The 1965 NASCAR Grand National Series was the seventeenth season of the premier Grand National Series stock car racing championship sanctioned by NASCAR. Due to the no availability of the Hemi, GM "Mystery Motor" and Ford overhead cam 427, NASCAR banned those non-production engines.  Chrysler responded by withdrawing their support, and drivers Richard Petty, David Pearson, Paul Goldsmith, Bobby Isaac until the Chrysler HEMI had sold 500 units in production vehicles, meeting NASCAR's homologation standards of 500 units.    Driver Ned Jarrett won the Grand National Drivers Championship after winning 13 of the 54 races he competed in, he clinched the title with 3 races remaining in the season after finishing 5th in the National 400 from Charlotte Motor Speedway. Ford won the Manufacturers Championship again.
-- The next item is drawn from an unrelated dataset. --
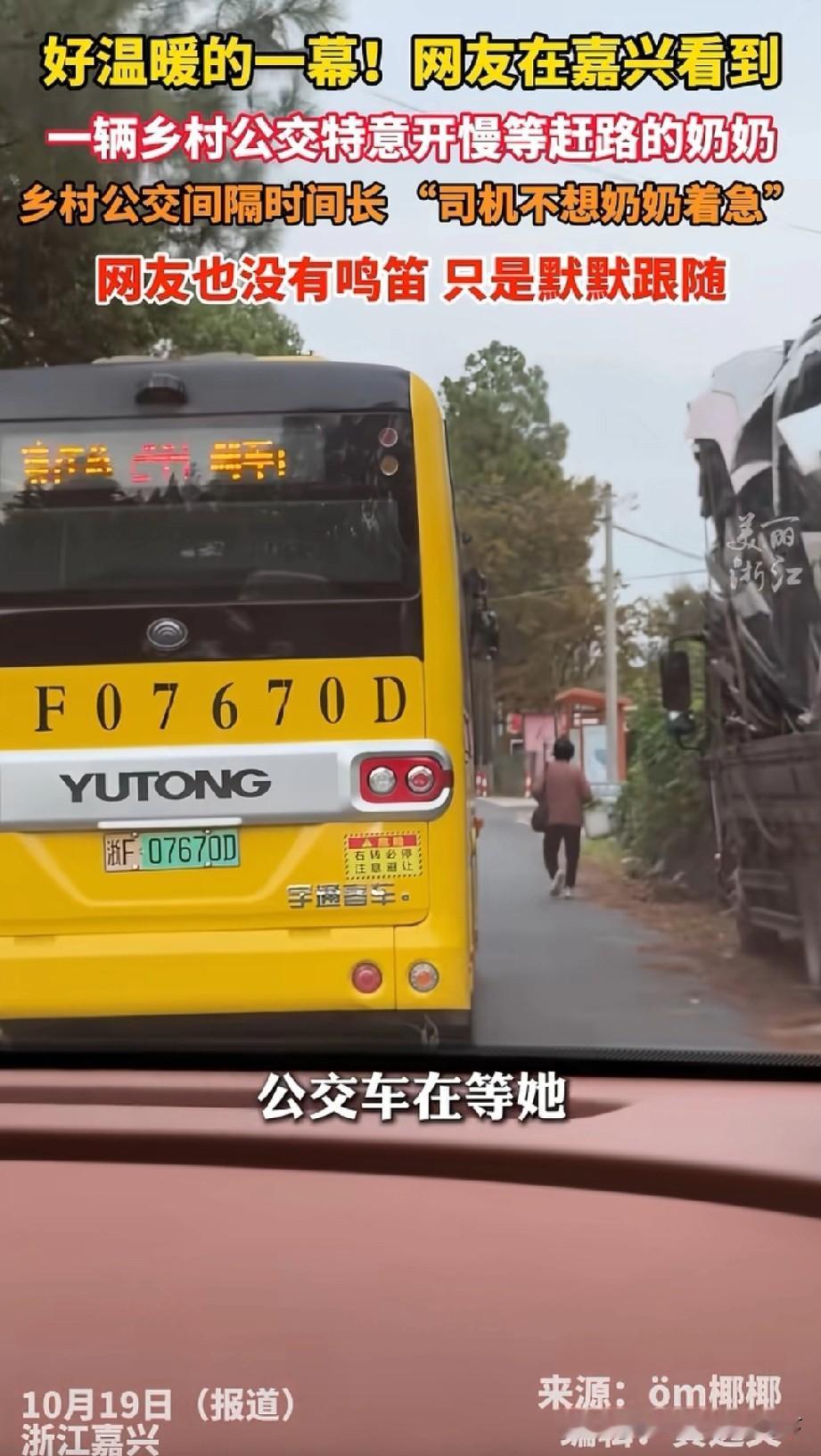 浙江嘉兴城乡公交的小事,却能让全国网友大范围在讨论 美丽浙江报道的一个新闻,浙江省嘉兴市,农村小路上,一辆城乡公交慢慢的在前行,就是为了等一位赶车的老奶奶。 这个可以说是非常小的新闻了,却能让全国网友在大范围讨论,只因为大家都是看的到,感受的到。 城乡公交区别于城市公交,很多线路一个小时,两个小时才有一班车,毕竟客流量小,老年人又不会用手机,也看不懂行车路线,只能估计车辆时间,有的老年人腿脚不好,错过一班公交,就需要等很长时间再有车。 浙F07670D公交驾驶员就非常有爱心,有耐心,开城乡公交不仅仅是需要驾驶技术,更需要对老年人的关爱,而不是大声叱责,或者当做看不见直接开过去。浙江公交站台 乡间公交 农村公交客运 嘉兴城市电车 城乡公交广告 城乡公交车随拍

The newly built Rockingham Speedway opened in 1965, and Curtis Turner returned from his ban to win the inaugural race in his Ford.  Turner had been banned from NASCAR in 1961 by Bill France, Sr. for trying to organize a drivers' union with the Teamsters.

Schedule

Expansion 
Fords had won 34 races before NASCAR adjusted the rules to allow the Chryslers to compete, but it was too late in the 55 event season for them to mount a championship challenge.